Daisy glanced around with practiced caution, then dropped her voice. "I found a production facility. They're using disabled people as workers — it's large-scale..."
His first instinct was to shut it down. This wasn't the kind of situation a civilian girl should be anywhere near, and the claim was extraordinary. But the ambient warmth Daisy was projecting through her frequency kept him from cutting her off, and he listened.
By the time she finished, Brett Mahoney had a forehead full of sweat and a complicated expression. Whether it was true or not, this wasn't something a patrol officer had the authority to act on alone.
"I'm just a beat cop," he said, with uncomfortable honesty. "If your information is solid, you'd need to report it through official channels. I can walk you to the precinct—"
Right, because that would work beautifully. File a report, and within the hour someone would have tipped off Gao's people. She felt a brief flash of sympathy for his optimism.
She couldn't exactly explain to a police officer that his department was riddled with people on the payroll.
"You need proof before any of this goes anywhere, right?" she said instead. "Come with me tonight. I don't have a weapon on me and I'm not trained to fight — I just want someone who can actually do something if we see what I think we're going to see."

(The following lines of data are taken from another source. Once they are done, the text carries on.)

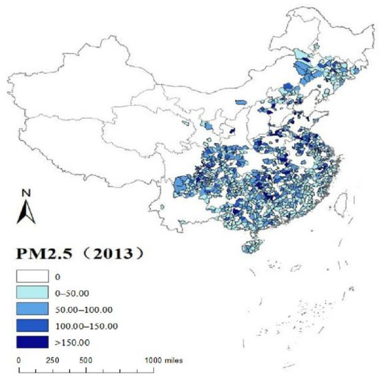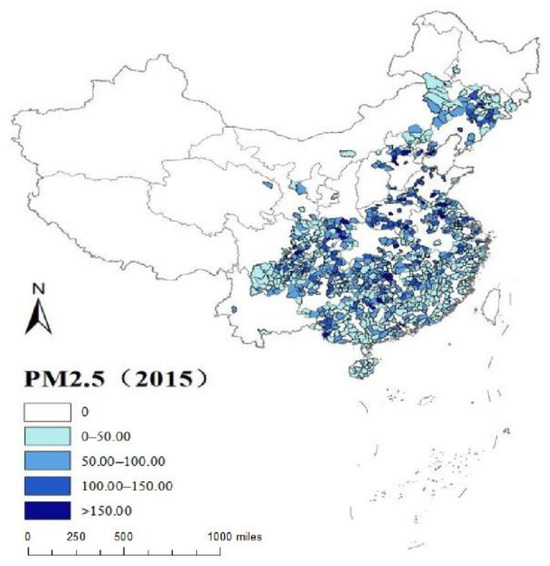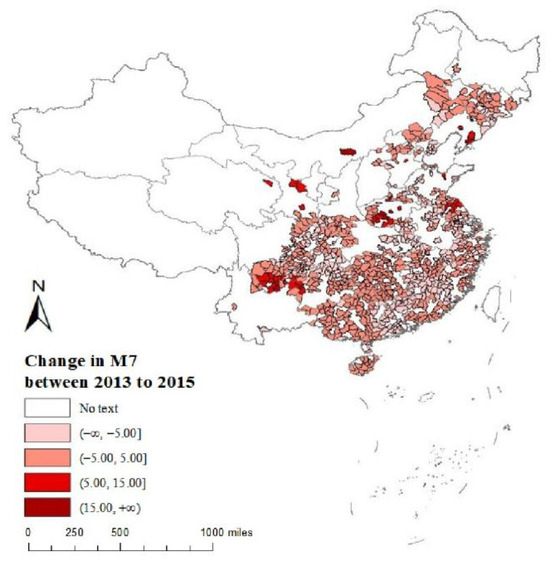 According to Figure 4 and Figure 5, the characteristics and changes in PM2.5 in 2013 and 2015 cannot be observed intuitively. However, from Figure 6, it is observed that compared with 2013, the PM2.5 value in most regions decreased in 2015, which may be attributed to the enforcement of China’s Technical Policy for the Comprehensive Prevention and Control of Fine Particulate Matter Pollution in Ambient Air. At the same time, PM2.5 increased in several regions in 2015 compared to 2013. Figure 6 illustrates this feature more clearly.
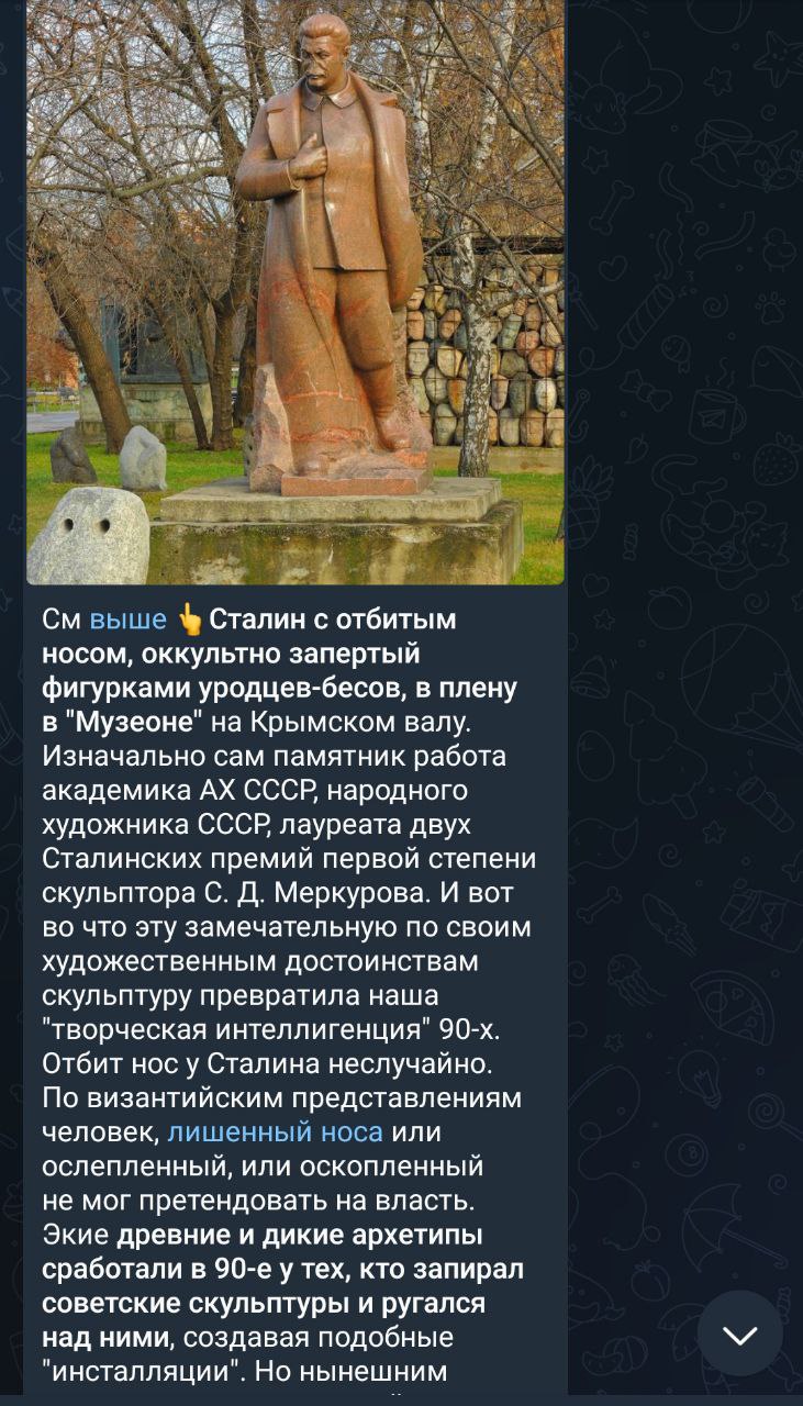 Как знать, быть может тот священник и угадал: очередной проект Меркурова является скопищем «друзей-творцов» – гениев/даймонов сталинизма. Кто его атаковал? Возможно, действительно либеральные волхвы (хотя глазастые камни выглядят симпатичнее Кобы). В таком случае, это типичный буро-бурый конфликт. Им всем определённо нужен экзорцист... Судя по тому, что в последние недели целый ряд телеграмных патриотов открыто восславили Джугашвили, у легиона активность повышена.
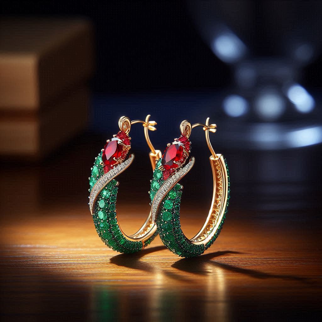These hoop earrings, featuring green and red gemstones, pair beautifully with simple Christmas dresses. Their color combination enhances festive outfits while keeping the silhouette clean.
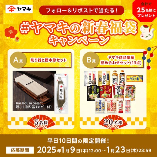 ヤマキ株式会社(本社:愛媛県伊予市 代表取締役社長:城戸善浩 以下ヤマキ)は、2025年1月9日(木)12:00より、X(旧:Twitter)アカウントにて「#ヤマキの新春福袋キャンペーン」を実施します。
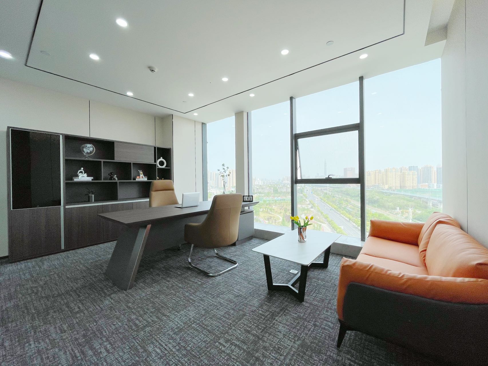 酒店式豪华大堂,9米挑高;外立面全采用LOW-E双层中空玻璃幕墙--隔音保温、节能舒适、多面采光;配置5台奥迪斯高速电梯,缩短高峰期等待时间。项目为臻稀现房写字楼,定制化办公格局,自由变换空间,媲美超甲写字楼的办公体验,打造成了一个区域性地标。

He thought about it. Unverified tip goes up the chain, gets ignored or buried — bad outcome either way. But if he physically witnessed something and reported that, his position was completely different. Solid ground no matter what happened next.
Every honest cop still wants the promotion, Daisy thought. Nobody wants to walk a beat forever.
He nodded. "Alright."
Well past midnight, Daisy and the officer were crouched inside an empty room on an upper floor, 200 meters (about 660 feet) from Madame Gao's facility.

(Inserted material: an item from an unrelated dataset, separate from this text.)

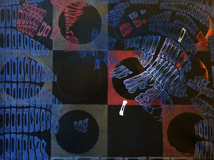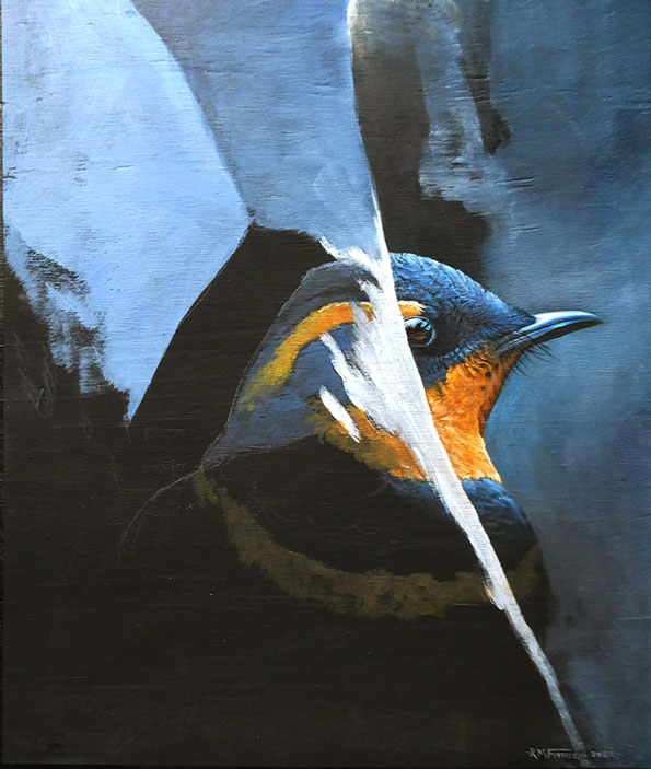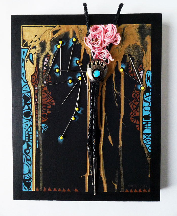 “Suspicions” is composed of art created in the past two years in styles Fisher has worked with for decades; Nature-based, Abstract, and Excess. He creates with a general temperament of spontaneous discipline that expresses impromptu approaches and mistakes. Making a mess, trying to resolve it, doing all he can technically and aesthetically, he designs artworks that reflect ‘worldly’ and ‘other-worldly’ integrations. His art insists on a freshness that is suspicious of nostalgia, hope, comfort, predictability, stability, and security. “With a conscious referencing that is sourced in my mind, if the artwork starts to look too quaint, too readable and familiar, I’ll make new choices and move in the opposite direction.”
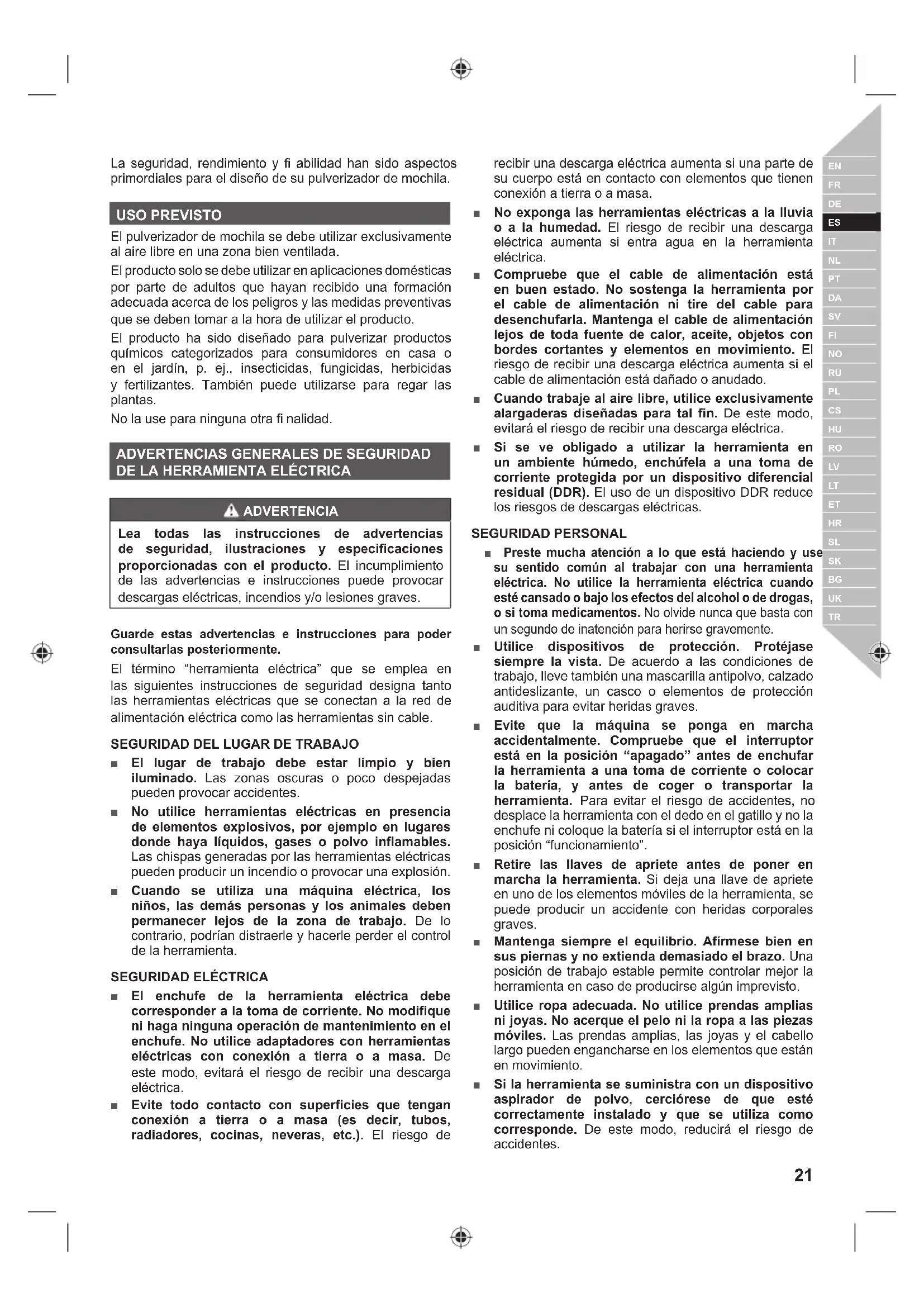 TR■ Asegúrese de que los materiales del espray se dirigen hacia una zona a la que dichos materiales no puedan dañar. ■ Puede sufrir descargas eléctricas. No pulverice en dirección a las tomas eléctricas. ■ Después de cada uso, lávese bien las manos y cualquier área de la piel que haya estado expuesta al espray. ■ Saque la batería del producto antes de drenar, limpiar o guardar para evitar un funcionamiento accidental. Indicación de que la maquinaria puede estar sujeta a los requisitos nacionales de inspección periódica por parte de los organismos designados, según se indica en la Directiva 2009/128/CE del Parlamento Europeo y del Consejo con fecha 21 de octubre de 2009, que establece el marco de acción comunitaria para lograr un uso sostenibles de los pesticidas. ADVERTENCIAS DE SEGURIDAD DE LA BATERÍA ADICIONAL ADVERTENCIA Para reducir el riesgo de incendio, lesion personales y daños al producto debido a un cortocircuito, no sumerja nunca la herramienta, el pa-quete de baterías o el cargador en líquido ni permita que fl uya un fl uido dentro de ellos. Los fl uidos corrosivos o conductivos, como el agua de mar, ciertos productos quími-cos industriales y blanqueadores o lejías que contienen, etc., Pueden causar un cortocircuito.

"That's the place you mentioned?" Mahoney kept his voice low. "It doesn't look that big."
Daisy smiled — the quiet kind that comes with knowing something the other person doesn't. "Look at the roofline. It's a full meter (about 3.3 feet) taller than every residential building around it. Doesn't that seem off? I cross-referenced the electrical draw and water consumption data for this block. There's a significant underground space beneath it — conservatively, it could hold over a hundred people."
As they watched, the narrow door opened. A slight figure emerged — a blind man, feeling his way forward with a white cane, a heavy bag slung across his shoulder, moving in careful increments through the dark.
Mahoney knew blind people. He'd spent years in Daredevil's territory. He could read the specific quality of movement, the way the body navigated without light input.
"That's your courier?" he asked. "Why are they using—"
"Blind couriers don't get searched," Daisy said quietly. "If they're caught, the sentencing is lighter. And these men..." She paused. "They didn't come into the world this way."
Mahoney went very still.
Two armed guards. A door designed to be invisible. A blind man carrying unknown cargo into the night. No legitimate business needed any of that.
Daisy sketched a quick diagram of the block. "He'll turn at the second intersection up ahead and get into a vehicle. Where it takes him, I don't know yet."
She'd kept the details tight — but every piece pointed to the same conclusion. This was a major operation, with manufacturing, distribution, and a management chain extending well beyond a single location.
Mahoney looked at her steadily. Daisy met his eyes with an expression of complete civic responsibility.
"If it's what you're describing," he said slowly, "this is too big for the district to handle. It goes way above my level."
"You're worried about leaks," Daisy said.
He nodded once, not denying it. Every cop in his precinct knew who was clean and who wasn't. No one said it out loud, but everyone knew.